Millie Bobby Brown rompe il silenzio sul finale di Undici in Stranger Things 5

Il finale di Undici in Stranger Things 5 ha spaccato il pubblico come una mazza chiodata nei denti, e ora finalmente Millie Bobby Brown ha deciso di dire la sua.

Dopo giorni di silenzio totale su Stranger Things, l’attrice ha commentato l’epilogo del personaggio che l’ha resa una star globale, lasciando però aperta quella cazzo di ferita che Netflix e i Duffer Brothers hanno deliberatamente deciso di non chiudere.

Attenzione: spoiler grossi come Hawkins da qui in avanti.

Stranger Things 5 e il destino di Undici: sacrificio o illusione?

Il finale di Stranger Things non punta tutto sulla battaglia contro Vecna o sul Mind Flayer, ma su un epilogo lungo, lento e doloroso che mette al centro Undici e la sua possibile morte.

Dopo lo scontro finale, la squadra di Hawkins finisce in un’imboscata guidata dalla dottoressa Kay, interpretata da Linda Hamilton, pronta a rimettere le mani su Undici per continuare i suoi esperimenti di merda. Tutto sembra finito.

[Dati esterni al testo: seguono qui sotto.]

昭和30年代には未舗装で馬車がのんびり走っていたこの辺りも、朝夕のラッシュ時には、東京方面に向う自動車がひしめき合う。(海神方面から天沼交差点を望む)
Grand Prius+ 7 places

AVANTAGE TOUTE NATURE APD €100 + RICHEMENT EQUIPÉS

Poi succede l’irreversibile: Undici resta dall’altra parte del portale, mentre il nucleo del Sottosopra sta per essere distrutto. Agli occhi di tutti è morta. Fine. Sipario.

Ma no, Stranger Things non poteva lasciarci senza un ultimo pugno emotivo.

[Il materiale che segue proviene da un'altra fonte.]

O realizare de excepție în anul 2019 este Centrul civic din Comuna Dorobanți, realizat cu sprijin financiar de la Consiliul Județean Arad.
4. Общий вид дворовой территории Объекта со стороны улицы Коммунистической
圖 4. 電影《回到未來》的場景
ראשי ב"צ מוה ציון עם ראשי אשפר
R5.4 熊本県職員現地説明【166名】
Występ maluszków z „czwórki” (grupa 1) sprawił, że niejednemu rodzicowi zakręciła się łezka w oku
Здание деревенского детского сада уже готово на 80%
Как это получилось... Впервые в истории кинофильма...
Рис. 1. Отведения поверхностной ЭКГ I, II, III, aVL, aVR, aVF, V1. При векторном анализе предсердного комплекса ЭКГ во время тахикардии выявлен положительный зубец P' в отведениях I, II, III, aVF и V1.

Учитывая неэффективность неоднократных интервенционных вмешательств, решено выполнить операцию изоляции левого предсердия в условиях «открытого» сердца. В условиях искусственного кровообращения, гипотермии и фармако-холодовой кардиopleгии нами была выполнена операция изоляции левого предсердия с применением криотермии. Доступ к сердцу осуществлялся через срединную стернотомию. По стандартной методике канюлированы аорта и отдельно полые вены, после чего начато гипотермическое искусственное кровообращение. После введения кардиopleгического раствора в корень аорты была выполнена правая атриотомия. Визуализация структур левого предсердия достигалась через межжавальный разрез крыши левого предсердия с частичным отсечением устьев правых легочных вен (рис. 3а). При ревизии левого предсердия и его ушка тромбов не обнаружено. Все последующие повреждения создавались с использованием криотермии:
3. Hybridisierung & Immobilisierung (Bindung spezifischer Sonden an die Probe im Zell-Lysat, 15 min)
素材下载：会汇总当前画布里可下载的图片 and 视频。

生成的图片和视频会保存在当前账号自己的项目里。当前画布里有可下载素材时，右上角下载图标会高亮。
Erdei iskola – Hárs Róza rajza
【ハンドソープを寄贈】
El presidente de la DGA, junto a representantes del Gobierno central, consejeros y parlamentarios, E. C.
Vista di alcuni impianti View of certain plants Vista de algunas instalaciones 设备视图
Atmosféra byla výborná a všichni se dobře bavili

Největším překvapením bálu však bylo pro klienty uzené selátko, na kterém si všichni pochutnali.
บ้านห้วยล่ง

La teoria di Mike cambia tutto (o forse no)

Secondo Mike Wheeler, interpretato da Finn Wolfhard, quello che abbiamo visto potrebbe essere un’illusione. Un trucco orchestrato da Kali, la sorella “dimenticata” di Undici, capace di manipolare la percezione e creare visioni false.

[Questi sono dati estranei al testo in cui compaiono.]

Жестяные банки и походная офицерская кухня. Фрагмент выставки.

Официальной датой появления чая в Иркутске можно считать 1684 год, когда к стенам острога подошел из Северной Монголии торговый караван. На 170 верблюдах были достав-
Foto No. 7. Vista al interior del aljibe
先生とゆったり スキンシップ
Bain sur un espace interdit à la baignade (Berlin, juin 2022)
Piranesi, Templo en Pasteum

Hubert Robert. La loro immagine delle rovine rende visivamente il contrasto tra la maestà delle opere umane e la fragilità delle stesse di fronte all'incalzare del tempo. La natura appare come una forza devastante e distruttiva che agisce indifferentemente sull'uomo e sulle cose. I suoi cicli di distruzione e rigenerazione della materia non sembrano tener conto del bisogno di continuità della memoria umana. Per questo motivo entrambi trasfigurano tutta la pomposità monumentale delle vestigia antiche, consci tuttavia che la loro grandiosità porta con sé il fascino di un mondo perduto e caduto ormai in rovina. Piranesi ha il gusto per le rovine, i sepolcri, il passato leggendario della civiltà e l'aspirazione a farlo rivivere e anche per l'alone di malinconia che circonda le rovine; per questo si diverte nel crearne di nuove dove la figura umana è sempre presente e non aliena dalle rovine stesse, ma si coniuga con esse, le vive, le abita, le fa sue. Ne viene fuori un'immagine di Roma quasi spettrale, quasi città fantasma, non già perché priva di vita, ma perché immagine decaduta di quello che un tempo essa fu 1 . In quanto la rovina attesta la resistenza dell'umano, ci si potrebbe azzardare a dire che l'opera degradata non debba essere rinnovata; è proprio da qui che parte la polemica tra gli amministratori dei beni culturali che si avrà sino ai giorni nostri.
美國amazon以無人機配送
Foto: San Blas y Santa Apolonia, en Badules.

La teoria racconta che Undici sia sopravvissuta e si sia rifugiata in un luogo isolato, lontano da tutto e da tutti, finalmente in pace dopo una vita di torture, laboratori e traumi. Una fine dolceamara, sì, ma almeno non una morte definitiva.

L’altra opzione è molto più brutale: Undici è davvero morta, e la teoria di Mike è solo un modo disperato per non accettare la perdita. Ed è proprio qui che la serie ti prende a calci nello stomaco senza chiedere permesso.

Millie Bobby Brown voleva questo finale per Undici

Intervistata da Tudum, Millie Bobby Brown ha detto chiaramente una cosa: per lei era fondamentale che la sofferenza di Undici finisse. Non importa come, non importa se con la morte o con una fuga definitiva.

Secondo l’attrice, ogni elemento del finale ha un senso preciso, compreso il possibile intervento di Kali. Nulla è lasciato lì a caso, anche se Netflix fa finta di giocare al “decidete voi”.

Millie non conferma né smentisce la morte di Undici, e lo fa apposta. Perché Stranger Things non voleva una risposta secca, voleva una ferita aperta, una discussione infinita, un finale che continua a vivere anche dopo i titoli di coda.

E diciamolo: funziona dannatamente bene.

Il finale di Undici in Stranger Things divide (e continuerà a farlo)

Nemmeno i Duffer hanno intenzione di chiarire la verità. Alcuni membri del cast, come Sadie Sink, sono convinti che Undici si sia sacrificata davvero. Altri preferiscono credere alla via della sopravvivenza.

Ed è proprio questa ambiguità il vero colpo di genio: Stranger Things non ti dà pace, non ti dà certezze, non ti consola. Ti lascia lì, a discutere, a litigare, a ripensarci alle tre di notte.

Undici è morta? O è finalmente libera?

La verità è che Stranger Things 5 ha scelto di non scegliere, e forse è proprio questo il finale più coerente possibile.